Saved data entries
Content starts
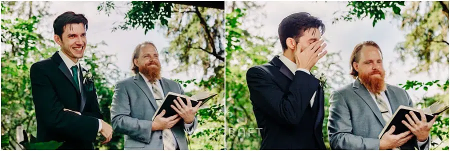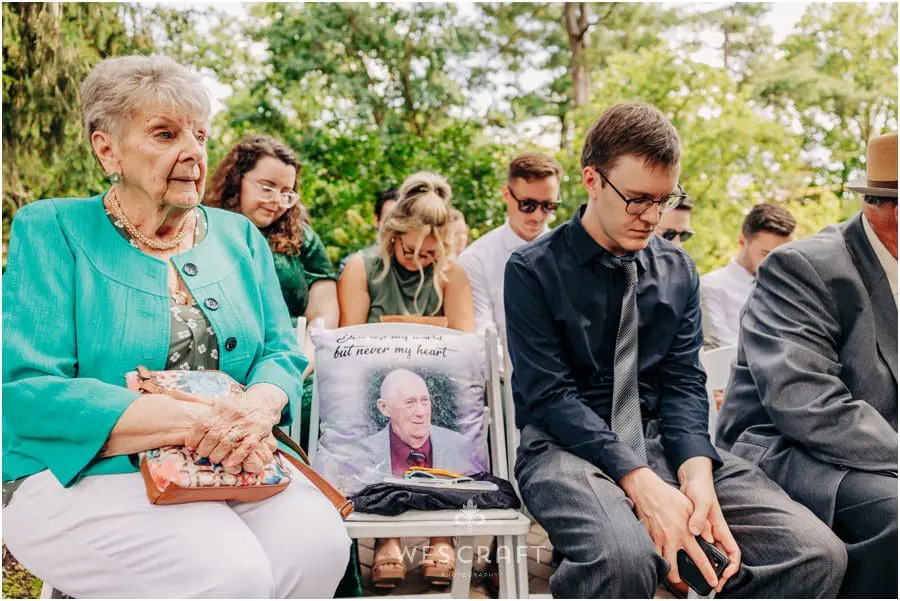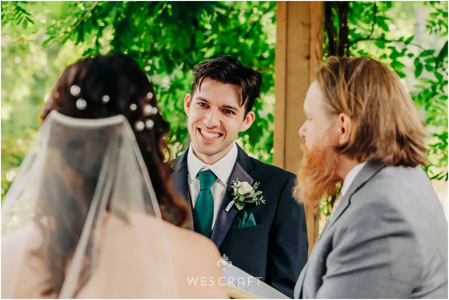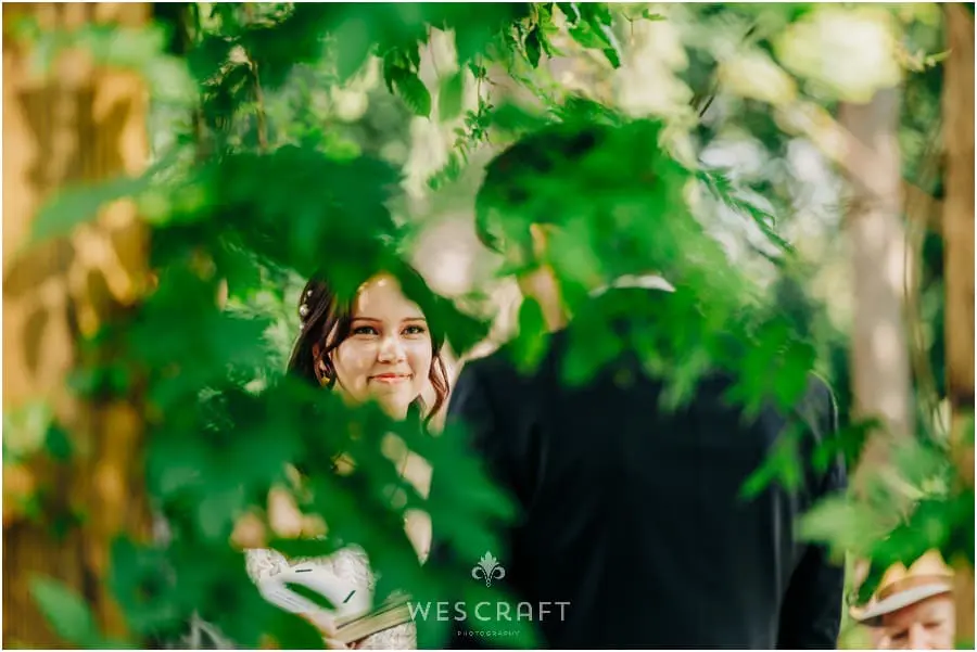 The shade of tall trees and the vine laden trellis kept the couple and their guests somewhat cool.
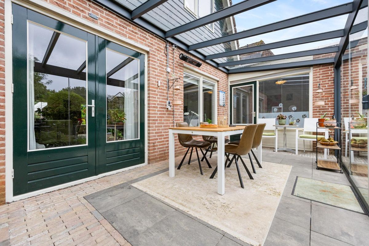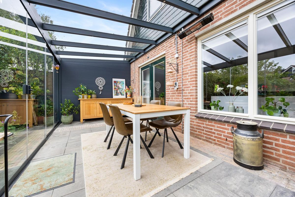 De fraai aangelegde tuin rondom de woning biedt volop privacy en zonlicht. De achtertuin is ingericht met diverse beplanting zoals peer- en vijgenbomen, sierstruiken, sfeerverlichting, een houten erfafscheiding en een buitenkraan. De glazen serre aan de achtergevel is uitgevoerd met aluminium palazzo-profielen, geïntegreerde verlichting en een terrasverwarmer. Via een houten poort aan de zijkant is er een overdekt pad naar de voortuin. Aan de voorzijde zorgen elektrische screens voor comfort en verkoeling. De oprit biedt ruimte voor zeker twee auto’s.
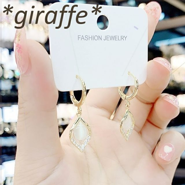 B382 匿名配送 ピアス レディース 揺れる ドロップ オパール リングピアス ゴールド s925 刻印あり ラインストーン
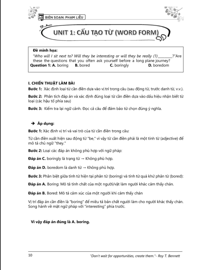 - Củng cố kiến thức cốt lõi: Các bài học trong sách được thiết kế để học sinh nắm chắc các dạng ngữ pháp và từ vựng thường gặp, đồng thời cải thiện kỹ năng xử lý bài đọc hiểu và điền khuyết.
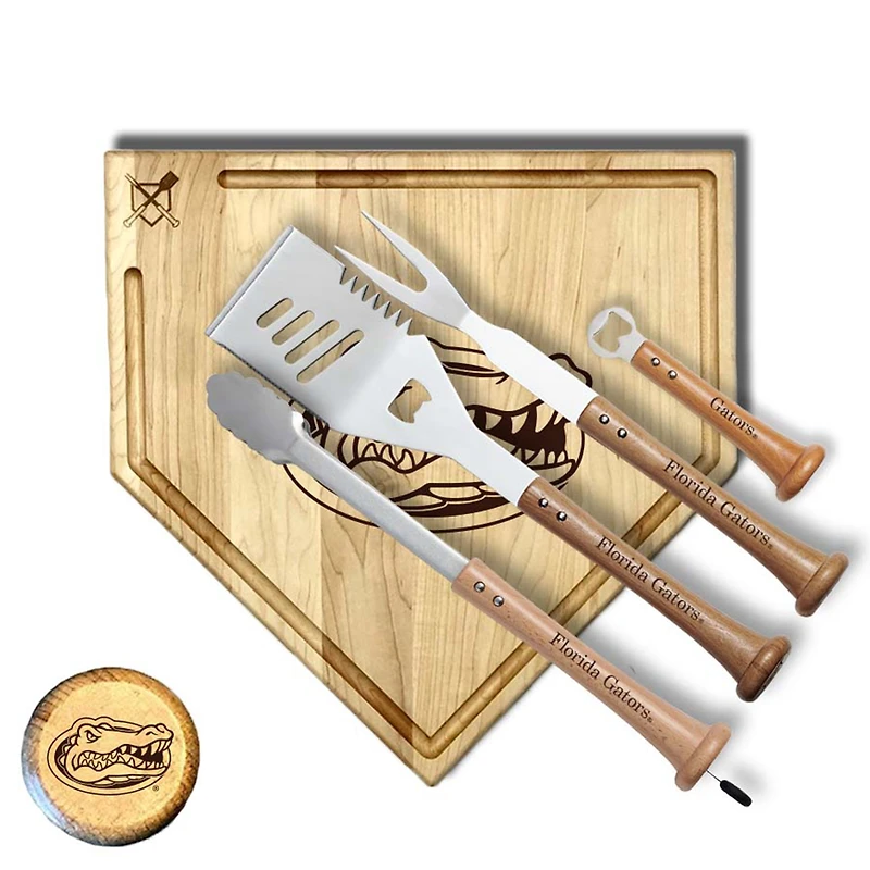 Upgrade your next cookout with this Florida Gators 17" Trough Grand Slam Combo Set from Baseball BBQ. This epic gear features laser-engraved Florida Gators graphics so that the food you prepare for game day will be extra spirited. The tools are made to resemble baseball equipment so that your skills on the diamond can transfer over to the kitchen.
Content ends
▸ Problem statement: Are you able to set down all the lines above exactly, without any pictures?

▸ Answer space:
 The shade of tall trees and the vine laden trellis kept the couple and their guests somewhat cool.
 De fraai aangelegde tuin rondom de woning biedt volop privacy en zonlicht. De achtertuin is ingericht met diverse beplanting zoals peer- en vijgenbomen, sierstruiken, sfeerverlichting, een houten erfafscheiding en een buitenkraan. De glazen serre aan de achtergevel is uitgevoerd met aluminium palazzo-profielen, geïntegreerde verlichting en een terrasverwarmer. Via een houten poort aan de zijkant is er een overdekt pad naar de voortuin. Aan de voorzijde zorgen elektrische screens voor comfort en verkoeling. De oprit biedt ruimte voor zeker twee auto’s.
 B382 匿名配送 ピアス レディース 揺れる ドロップ オパール リングピアス ゴールド s925 刻印あり ラインストーン
 - Củng cố kiến thức cốt lõi: Các bài học trong sách được thiết kế để học sinh nắm chắc các dạng ngữ pháp và từ vựng thường gặp, đồng thời cải thiện kỹ năng xử lý bài đọc hiểu và điền khuyết.
 Upgrade your next cookout with this Florida Gators 17" Trough Grand Slam Combo Set from Baseball BBQ. This epic gear features laser-engraved Florida Gators graphics so that the food you prepare for game day will be extra spirited. The tools are made to resemble baseball equipment so that your skills on the diamond can transfer over to the kitchen.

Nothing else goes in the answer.